The lack of such a standard means that there is no clear method for communicating the specific attributes detected in malware by the aforementioned analyses, nor for enumerating its fundamental makeup. Several major problems result from this, including non-interoperable and disparate malware reporting between organizations, disjointed or inaccurate malware attribution, the duplication of malware analysis efforts, increased difficulty in determining the severity of a malware threat, and a greater period of time between malware infection and detection/response, among others.

On this basis, it is clear that a standard for describing malware in terms of its attack patterns, artifacts, actions, and behaviors is needed to address such issues and allow for the clear communication of the information gained using static and dynamic analysis.

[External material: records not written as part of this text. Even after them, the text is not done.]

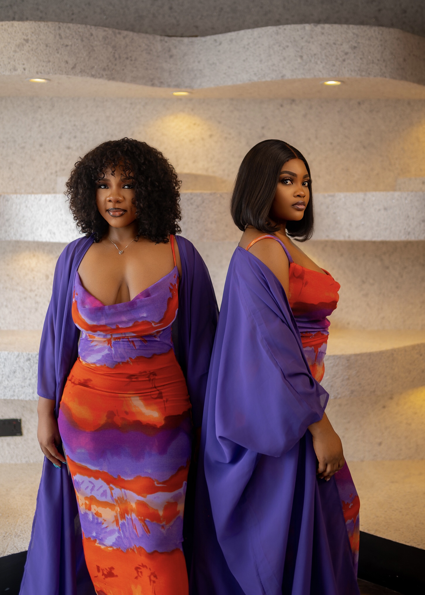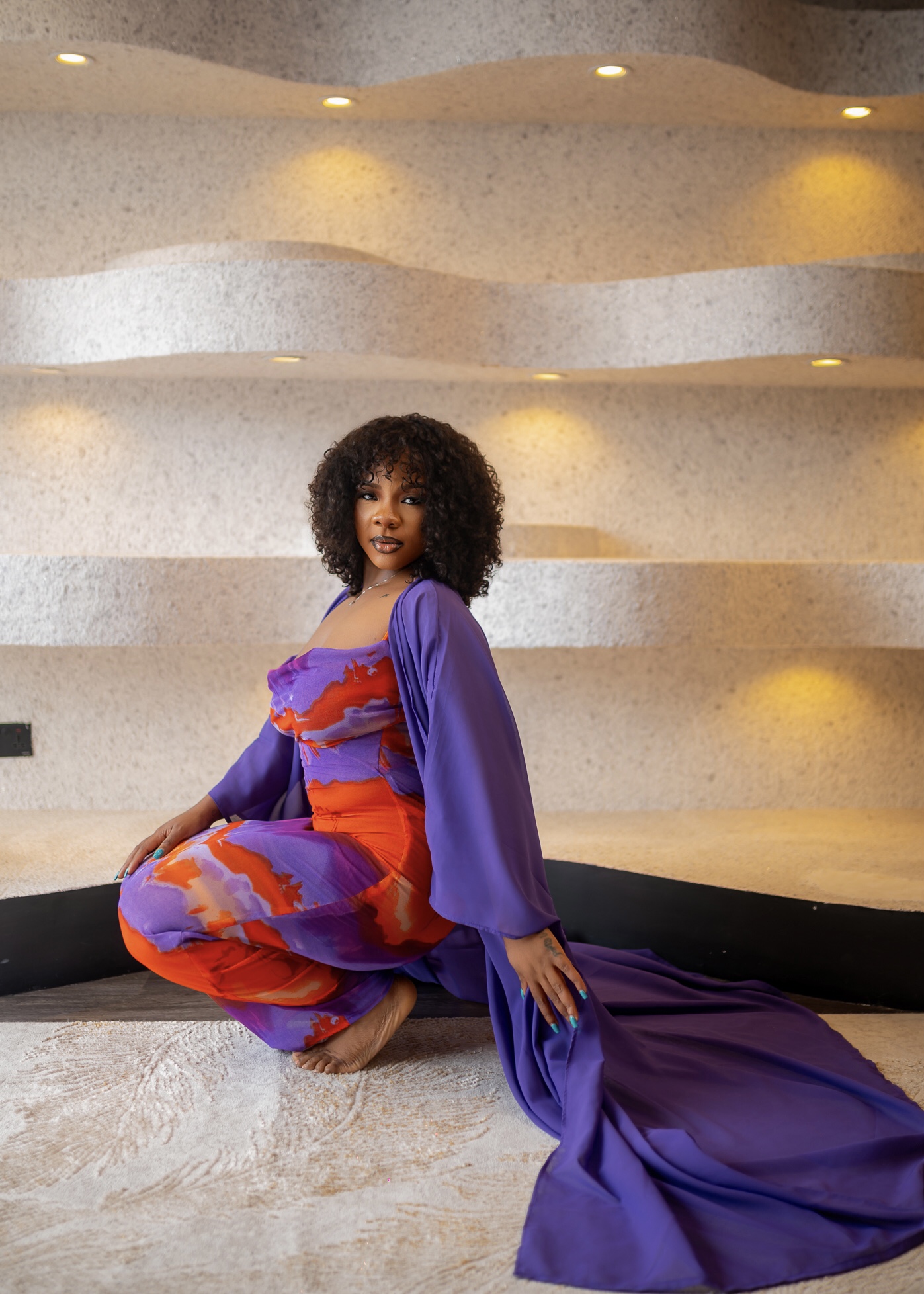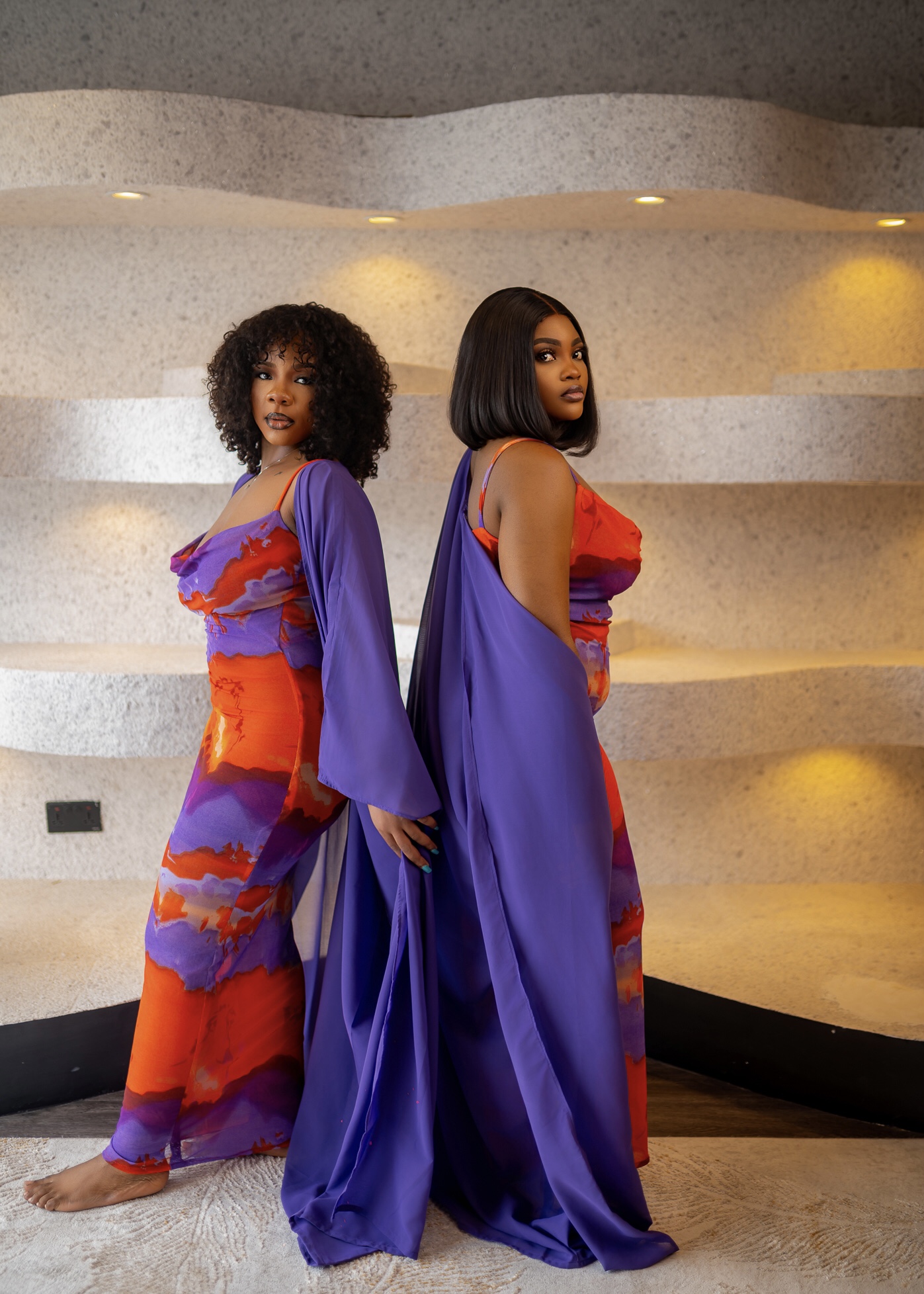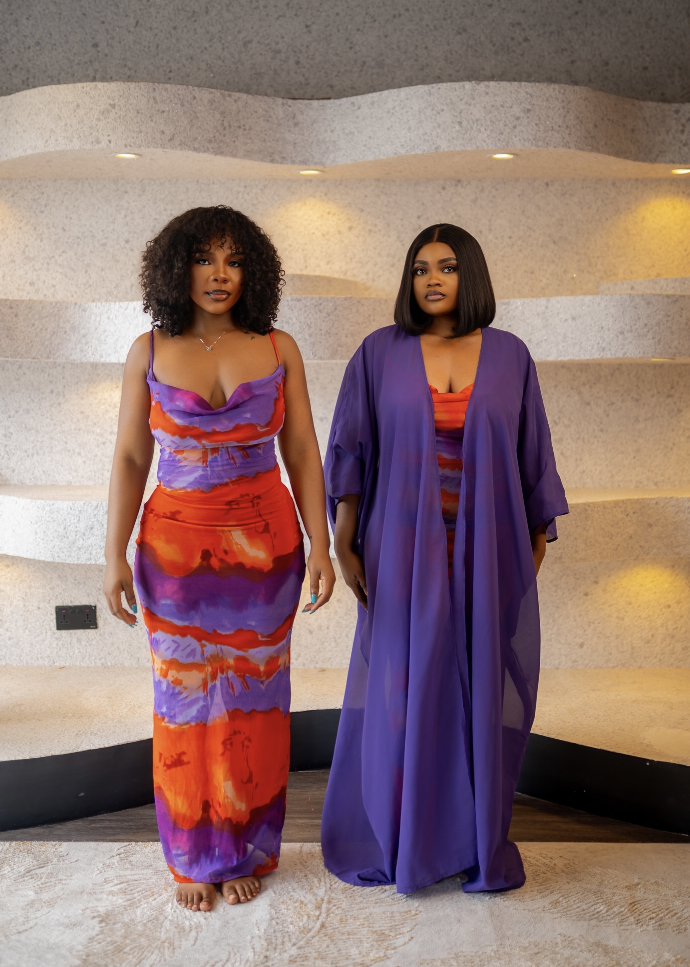 For the woman who embodies warmth, radiance, and effortless allure, IMPERIAL ORCHID celebrates the poetry of summer sunrises. Its sunset-inspired hues of orange, red, and violet sculpt the body in a curve-hugging silhouette, while the flowing purple chiffon overlay adds movement and sophistication.
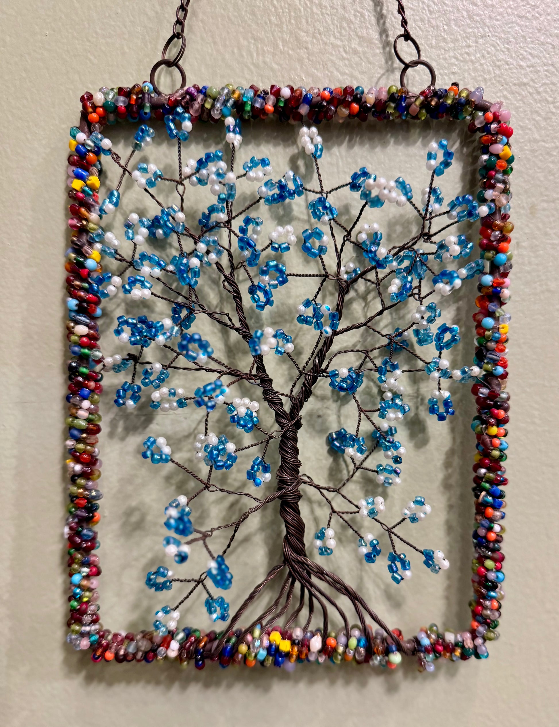 Wire Rectangle Tree Turq-8" Turq/pearl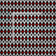 Modern geometric harlequin pattern features all four suits of a deck of playing cards (clubs, diamonds, hearts, spades)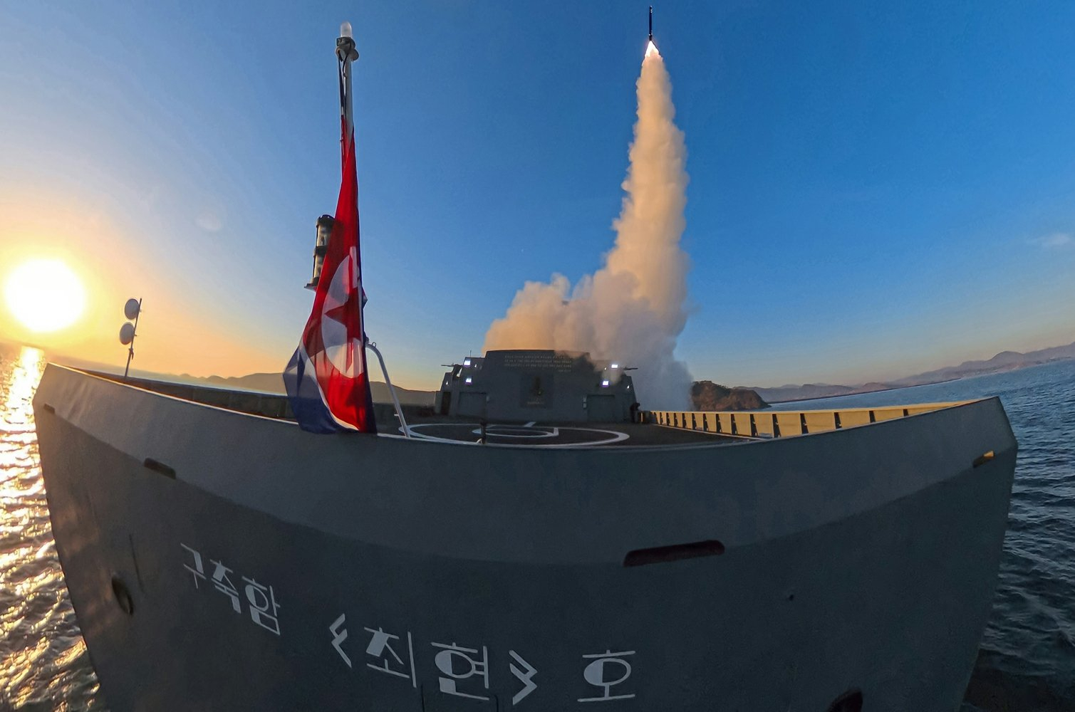 朝鲜海军4月12日再次进行崔贤号驱逐舰的武器系统测试,共试射了 2 枚箭矢战略巡航导弹和 3 枚反舰导弹。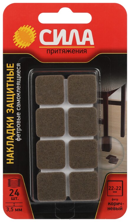 Подкладки самоклеящ.войлочные д/мебели квадрат корич. (24шт)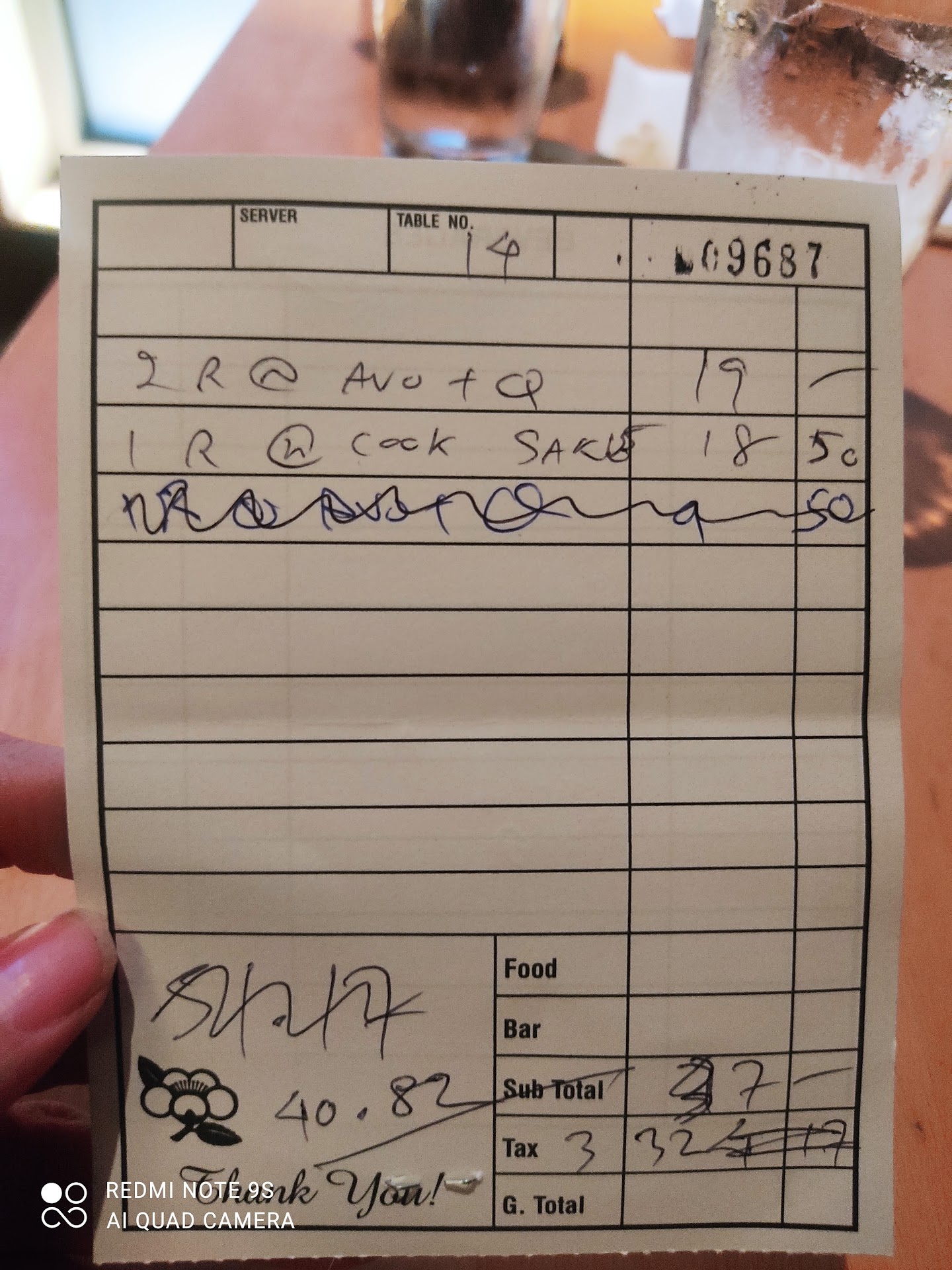 Read moreVery disappointed. I used to go here all the time at the former location and hadn't been in a number of years. I remember it being beautiful, elegant, big with good prices for the value and excellent service. NOT TODAY. I looked it up online to make sure they were still in business. Looked at the menu online that says $5 aprox for an avocado cucumber roll. The service was rude and almost non existent. I asked for salmon roll and two cucumber avocado rolls. The food was plain ok but it was missing a roll when it came. I mentioned it to the runner and was brought one more roll. When it came time to pay I noticed the bill was really high. I was charged $49 for 4 rolls. I only asked for 3. The waitress was snappy and hostile rushing to insinuate that I couldn't fool her because she took the order. I explained that they only delivered two rolls at first. Horrible experience and very unprofessional approach to clearing up misunderstandings with costumers. The food was alright but atmosphere was tense with poor service. The service was bad before the confusion about the bill. Going to tenzan tomorrow which has become my favorite spot for superb quality reasonably priced sushi with outstanding service. Unfortunately japonica can't compete anymore. Very sad but...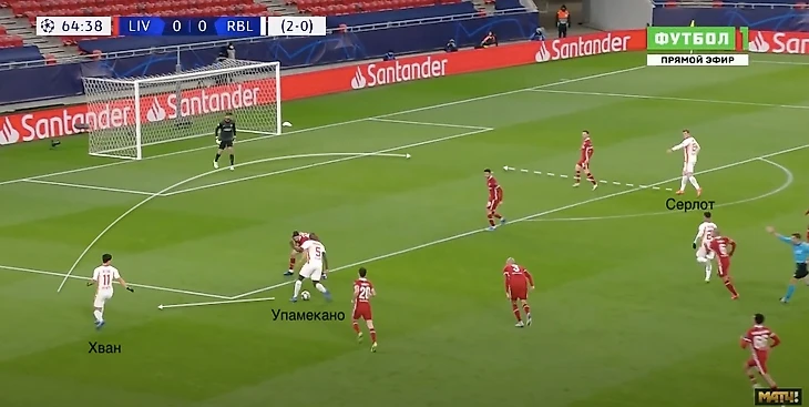 А вот свежий пример, когда Дайо помог в атаке. Ответный матч 1/8 ЛЧ «Ливерпуль» – «Лейпциг» в марте. В середине второго тайма высокий прессинг и необходимость отыгрываться с 0:2 вынесли центрального защитника Упамекано аж к углу чужой штрафной.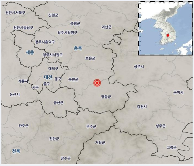 지진의 진앙은 충북 옥천군 동쪽 17km 지역이며, 진앙의 상세 주소는 충북 옥천군 청성면 조천리, 진원의 깊이는 9km로 분석됐다.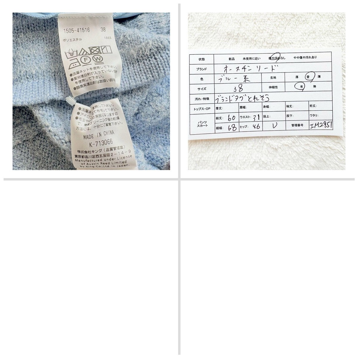 サイズや汚れ箇所など、詳細は採寸表でご確認ください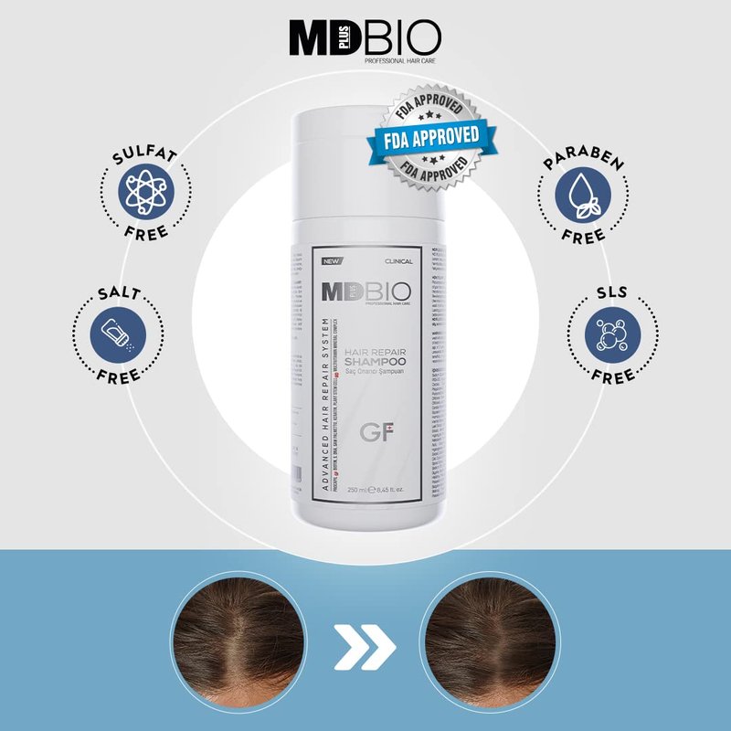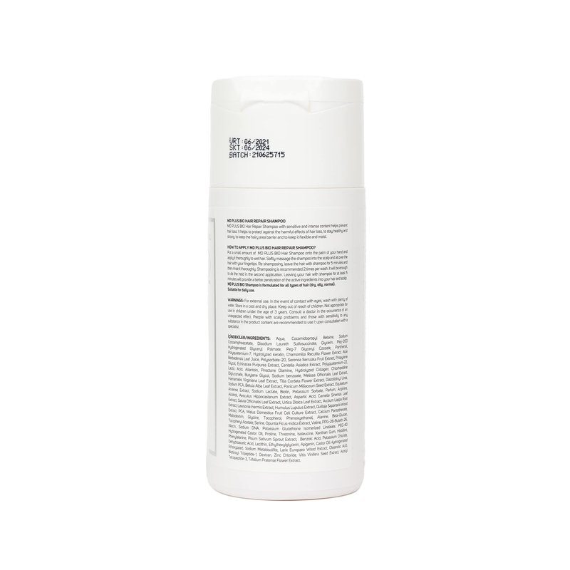 - MD Plus Bio Hair Repair Shampoo with intense content prevents hair loss and repairs the damaged structure of the hair. This product also eliminates crust and dandruff problems in regular use
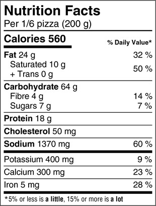 Look at the serving size on the nutrition facts table. The serving size for the pizza is 1/6 pizza (200 g). Compare this amount to the quantity that you actually eat.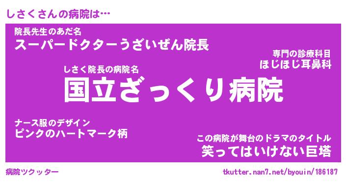 | 2回繰り返すあだ名 | 『しさしさ』『ししささ』『いらいら』 |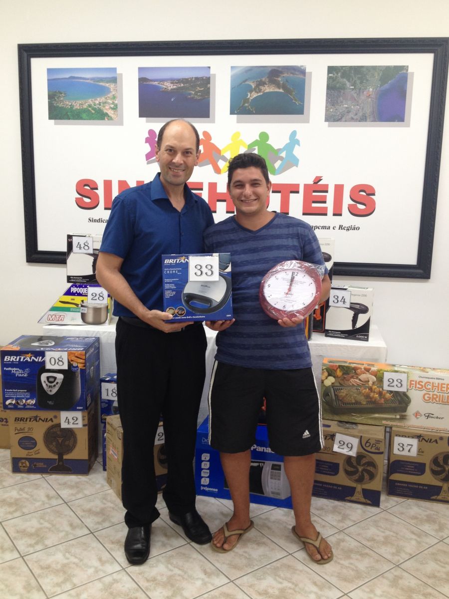 Presidente Eliseu Luis Casanova, entregando no dia 06 de janeiro de 2017 (segunda feira) entregou o prêmio na Sede Itapema a ODIRLEI FRANCISCO LAURENCO da empresa Pousada das Vieiras, do bairro Vila Nova da cidade Porto Belo, que foi contemplado com uma SANDUICHEIRA e um RELÓGIO PERSONALIZADO, sorteado no último dia 20/12/2016.

MAEC solves these problems. The characterization of malware using abstract patterns offers a wide range of benefits over the usage of physical signatures. It allows for the accurate encoding of how malware operates and the specific actions that it performs. Such information can not only be used for malware detection but also for assessing the end-goal the malware is pursuing and the corresponding threat that it represents.

Focusing on the attributes and behaviors of malware facilitates detection and analysis of emerging, sophisticated malware threats that circumvent the traditional signature-based and heuristic approaches. Characterizing malware in a standard way supports collaboration across organizations and the identification of common behavior, functionality, and code bases across instances of malware.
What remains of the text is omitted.